Congrats.. She is beautiful...Did you replace any of the flotation foam? Couldn't see if you put some under the new decks.


----------



## okchris (Sep 17, 2007)

thanks, no foam in the boat. hopefully i will never need it!!- although it would have been a good idea


----------



## Brett (Jul 16, 2008)

You're a bigger optimist than I am Chris...
'cause I'm positive things are gonna go wrong, sooner or later! 
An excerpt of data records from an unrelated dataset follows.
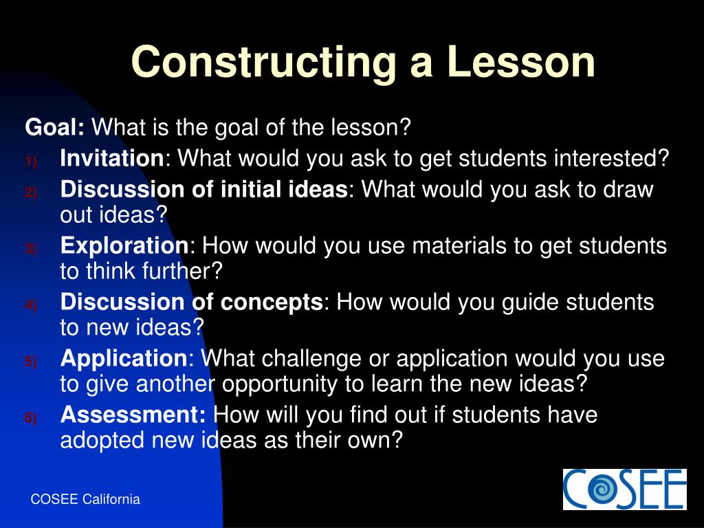 Constructing a Lesson Goal: What is the goal of the lesson? • Invitation: What would you ask to get students interested? • Discussion of initial ideas: What would you ask to draw out ideas? • Exploration: How would you use materials to get students to think further? • Discussion of concepts: How would you guide students to new ideas? • Application: What challenge or application would you use to give another opportunity to learn the new ideas? • Assessment: How will you find out if students have adopted new ideas as their own?
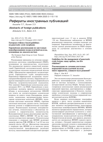 Заключение. Кистозные опухоли поджелудочной железы представляют собой новообразования с вариабельным биологическим поведением, что требует дифференцированного подхода к диагностике и лечению.
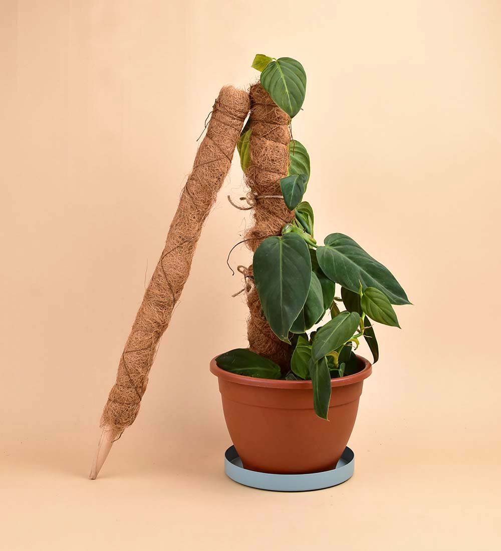 Grow poles provide a support structure for creeping plants or other plants with long stems, helping the plant avoid becoming too flat and spread out and keeping leaves from touching the floor. The wooden poles are wrapped in coconut coir, which is an efficient growing medium for plants, retaining moisture and nutrients that can help the plant's development.

How 'bout this as a possibility as an after project solution?

Get a couple of these...


----------



## Brett (Jul 16, 2008)

and a bunch of these...


----------



## Brett (Jul 16, 2008)

Then fill the bags with the polystyrene peanuts,

                       tie 'em tight

and stuff 'em where the sun don't shine...under the decks... ;D


----------



## Flyline (Mar 3, 2008)

Will it work if the boat turned upside down and stay float??

Never heard of this....


----------



## Brett (Jul 16, 2008)

As long as the bags are under the decks fore and aft,
they will act as bouyancy chambers. 1 cubic foot of foam peanuts
will support about 55 lbs of load in fresh water.
Simple enough to do the math to figure out how many cubic feet
of peanuts you need, based on the weight of your boat and gear.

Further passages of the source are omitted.